Foreign Currency Risk
At August 2, 2014, we had foreign currency forward contracts outstanding, totaling $300 million Canadian notional value and with a remaining life of 0.1 years, designed to hedge our net investment in Sears Canada against adverse changes in exchange rates. The aggregate fair value of the forward contracts at August 2, 2014 was a liability of $(0.3) million. A hypothetical 1% adverse movement in the level of the Canadian exchange rate relative to the U.S. dollar at August 2, 2014, with all other variables held constant, would have resulted in a fair value of these contracts of a liability of approximately $(3) million at August 2, 2014, a decrease of $2.7 million. Certain of our currency forward contracts require collateral be posted in the event our liability under such contracts reaches a predetermined threshold. Cash collateral posted under these contracts is recorded as part of our accounts receivable balance. We had $1 million cash collateral posted under our contracts at August 2, 2014.
Sears Canada reduces its foreign exchange risk with respect to U.S. dollar denominated assets and liabilities and purchases of goods or services by entering into foreign exchange forward contracts. At August 2, 2014, these contracts had a notional value of $205 million. The fair value of the forward contracts at August 2, 2014 was approximately $4 million. A hypothetical 1% adverse movement in the level of the Canadian exchange rate relative to the U.S. dollar at August 2, 2014, with all other variables held constant, would have resulted in a fair value for these contracts of approximately $2 million at August 2, 2014, a decrease of $2 million.
Counterparty Credit Risk
We actively manage the risk of nonpayment by our derivative counterparties by limiting our exposure to individual counterparties based on credit ratings, value at risk and maturities. The counterparties to these instruments are major financial institutions with investment grade credit ratings or better at August 2, 2014, August 3, 2013 and February 1, 2014.

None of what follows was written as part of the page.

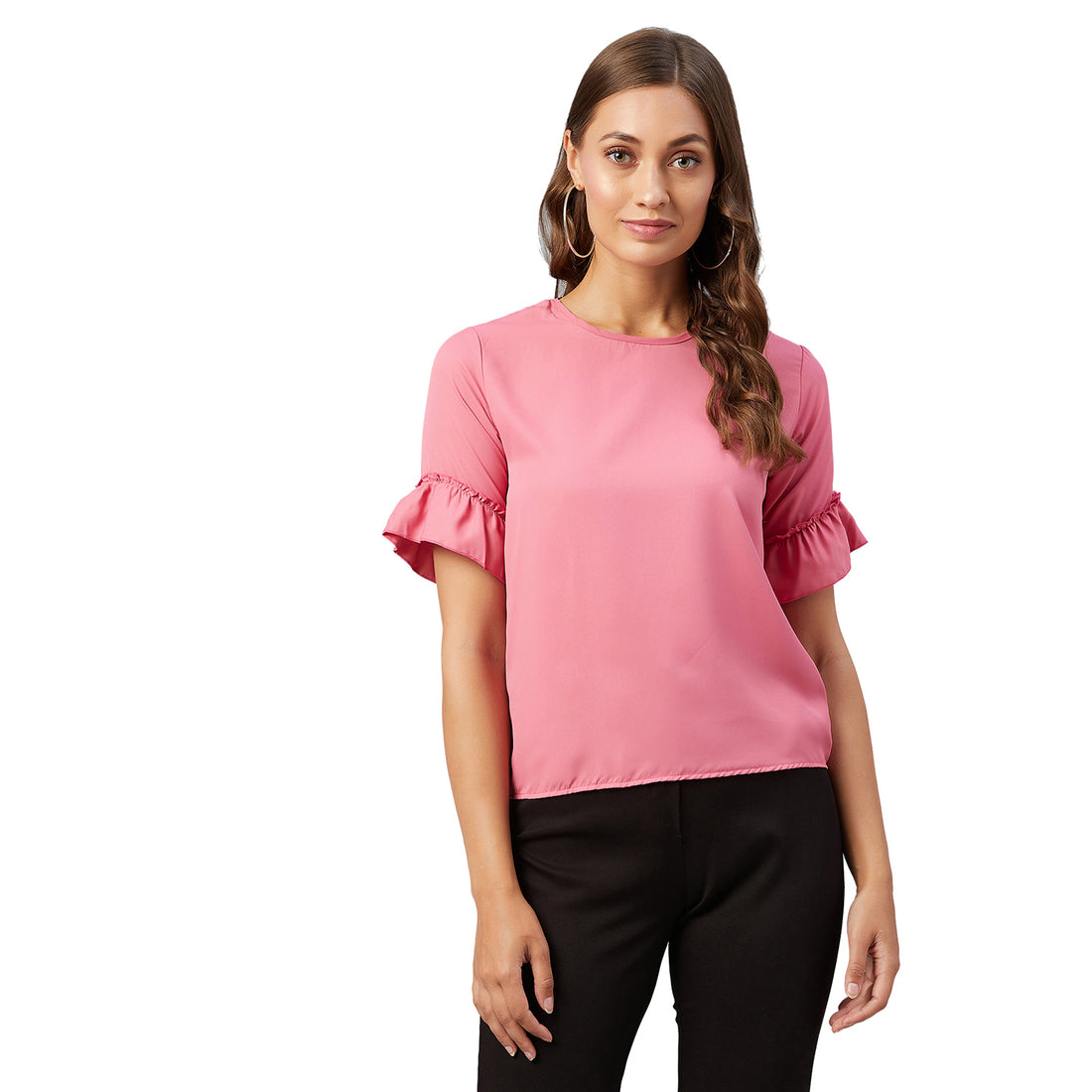 Chimpaaanzee Women Pink Solid Ruffled sleeve Top

Item 4. Controls and Procedures
Our management, with the participation of our principal executive and financial officers, conducted an evaluation of the effectiveness of the design and operation of our disclosure controls and procedures, as defined in Rule 13a-15(e) under the Securities Exchange Act of 1934, as amended (the “Exchange Act”), as of the end of the period covered by this report (the “Evaluation Date”). Based on this evaluation, the principal executive and financial officers concluded that, as of the Evaluation Date, our disclosure controls and procedures were effective in ensuring that information required to be disclosed by us in the reports that we file or submit under the Exchange Act (i) is recorded, processed, summarized and reported within the time periods specified in the SEC’s rules and forms and (ii) is accumulated and communicated to our management, including our principal executive and financial officers, as appropriate to allow timely decisions regarding required disclosure.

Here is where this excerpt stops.